(SOURCE DATA begins)

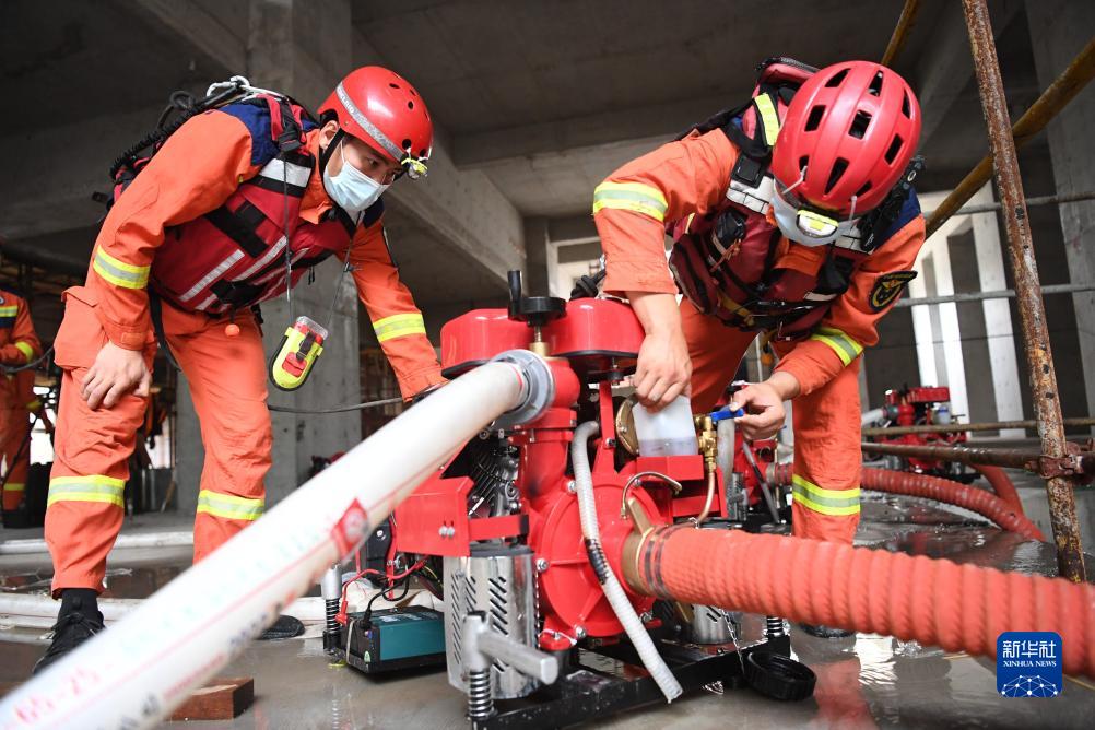 8月7日,邢臺市消防救援支隊隊員在河北省涿州市一處工地進行排澇作業。
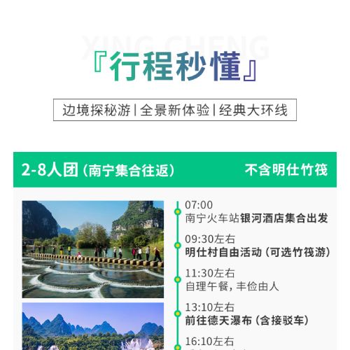 2. [2-8 Person Business Small Group]: A genuine small group tour with no more than 8 people per vehicle (vehicle arrangements based on group size). The pick-up range for the 8-person business small group covers hotels within 5 km of Nanning Station.
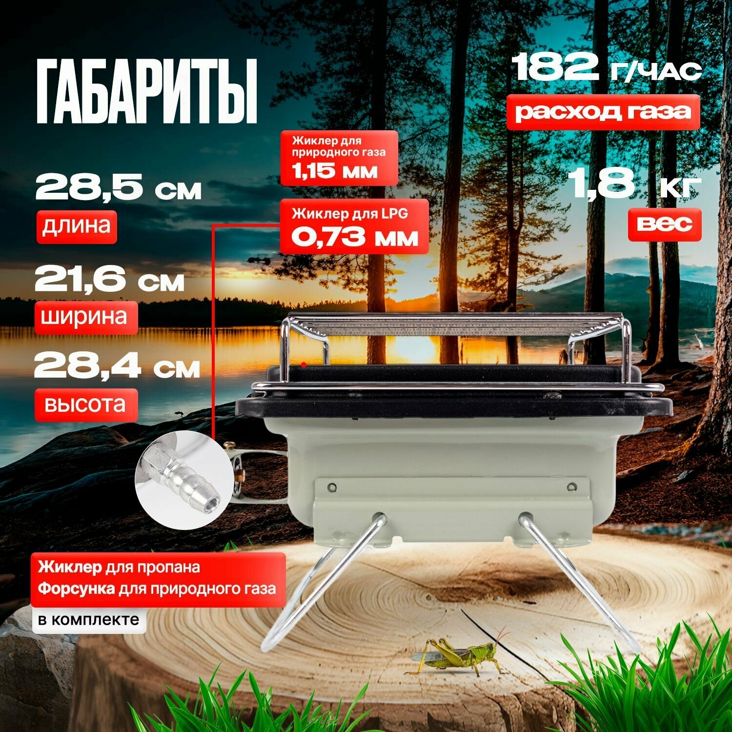 Обогреватель инфракрасный газовый ARMA AGH-2500 - 1шт Жиклер для газового баллона - 1шт Форсунка для природного газа - 1шт Подставка -1 шт Решетка для приготовления пищи Инструкция
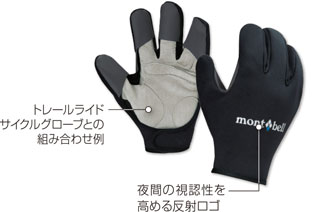 グローブの上から装着し、特に冷えやすい指先や、手の甲部分の防風性を高めるウォーマーです。甲部分には防風性とストレッチ性を併せ持った0.5mm厚のクリマプレン®を使用。ハンドルやブレーキを握りやすい形状で、手のひら部分の生地をくり抜いているため、違和感なく装着することができます。甲側には車のライトなどを反射して光るロゴ付き。手首部分に設けたベルクロでフィット感の調節が行えます。

(SOURCE DATA ends)

Print the preceding material over again exactly. Please leave the pictures out.

 8月7日,邢臺市消防救援支隊隊員在河北省涿州市一處工地進行排澇作業。
 2. [2-8 Person Business Small Group]: A genuine small group tour with no more than 8 people per vehicle (vehicle arrangements based on group size). The pick-up range for the 8-person business small group covers hotels within 5 km of Nanning Station.
 Обогреватель инфракрасный газовый ARMA AGH-2500 - 1шт Жиклер для газового баллона - 1шт Форсунка для природного газа - 1шт Подставка -1 шт Решетка для приготовления пищи Инструкция
 グローブの上から装着し、特に冷えやすい指先や、手の甲部分の防風性を高めるウォーマーです。甲部分には防風性とストレッチ性を併せ持った0.5mm厚のクリマプレン®を使用。ハンドルやブレーキを握りやすい形状で、手のひら部分の生地をくり抜いているため、違和感なく装着することができます。甲側には車のライトなどを反射して光るロゴ付き。手首部分に設けたベルクロでフィット感の調節が行えます。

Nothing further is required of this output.